Appendix A Alternative version of Theorem 4.1 using a Boltzmann posterior

In this section we prove a slightly weaker version of Theorem 4.1 using a detection strategy that does not involve learning. Instead of using distillation plus ensembling as in the proof of Theorem 4.1, we employ an alternative method of regularization that involves resampling the given function from a Boltzmann posterior. This gives rise to an extra logarithmic factor in the confidence of the detection algorithm, but otherwise gives the same bound, and in particular the threshold for detecting backdoors in a class of VC dimension $d$ is still $\varepsilon=\Theta\left(\frac{1}{d}\right)$ .

We are grateful to Dmitry Vaintrob for an earlier version of these results.

The remainder of this section has been omitted from this version due to the page limit. For the full version, see: https://arxiv.org/abs/2409.03077

Appendix B Proof of Theorem 4.1

See 4.1

Proof.

Write $d=\operatorname{VC}\left(\mathcal{F}\right)$ . We will show that, more specifically, for $d\geq 1$ :

(a)

For any detection strategy there is an adversary limiting their win probability to at most $\max\left(\frac{1}{2},1-\frac{1}{2}\left(d-1\right)\varepsilon\right)$ .
(b)

There is a detection strategy that wins against any adversary with probability at least $\max\left(\frac{1}{2},1-15d\varepsilon\right)$ .

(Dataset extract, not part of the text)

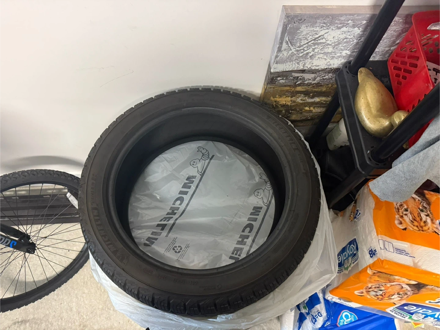 Michelin tire with plastic wrapping. Size details are visible on the tire itself. Great for replacing a worn-out tire! These are winter tires numbers are on the tire it self 215/45 R 18 300 per tire 100% life remaining

For part a, let $S$ be a set of size $d$ shattered by $\mathcal{F}$ , and let $s\in S$ be any point. The adversary proceeds by taking $\mathcal{D}$ to assign probability $\min\left(\frac{1}{d-1},\varepsilon\right)$ to each point of $S\setminus\left\{s\right\}$ and the remaining $1-p$ probability to the point $s$ , where $p:=\min\left(1,\left(d-1\right)\varepsilon\right)$ . The adversary then takes $f$ to be one of the $2^{d-1}$ witnesses for the shattering that assigns $0$ to the point $s$ . We may treat $f$ as if it were chosen uniformly at random, since the detection strategy’s worst-case performance can be no better than its average-case performance. Finally, given $x^{\ast}$ , the adversary takes $f^{\ast}$ to be the witness that agrees with $f$ exactly on the set $S\setminus\left\{x^{\ast}\right\}$ if $x^{\ast}\neq s$ , and otherwise takes $f^{\ast}=f$ . It is easy to check that $f^{\ast}$ is $\varepsilon$ -valid if and only if $x^{\ast}\neq s$ . Furthermore, $\left(f,x\right)$ and $\left(f^{\ast},x^{\ast}\right)$ are identically distributed for $x\sim\mathcal{D}$ . Hence the best a detection strategy can do is to output Acc when given the point $s$ , and otherwise the strategy can do no better than chance. So the detection strategy’s overall win probability is at most $\left(1-p\right)+\frac{p}{2}=1-\frac{p}{2}$ , as required.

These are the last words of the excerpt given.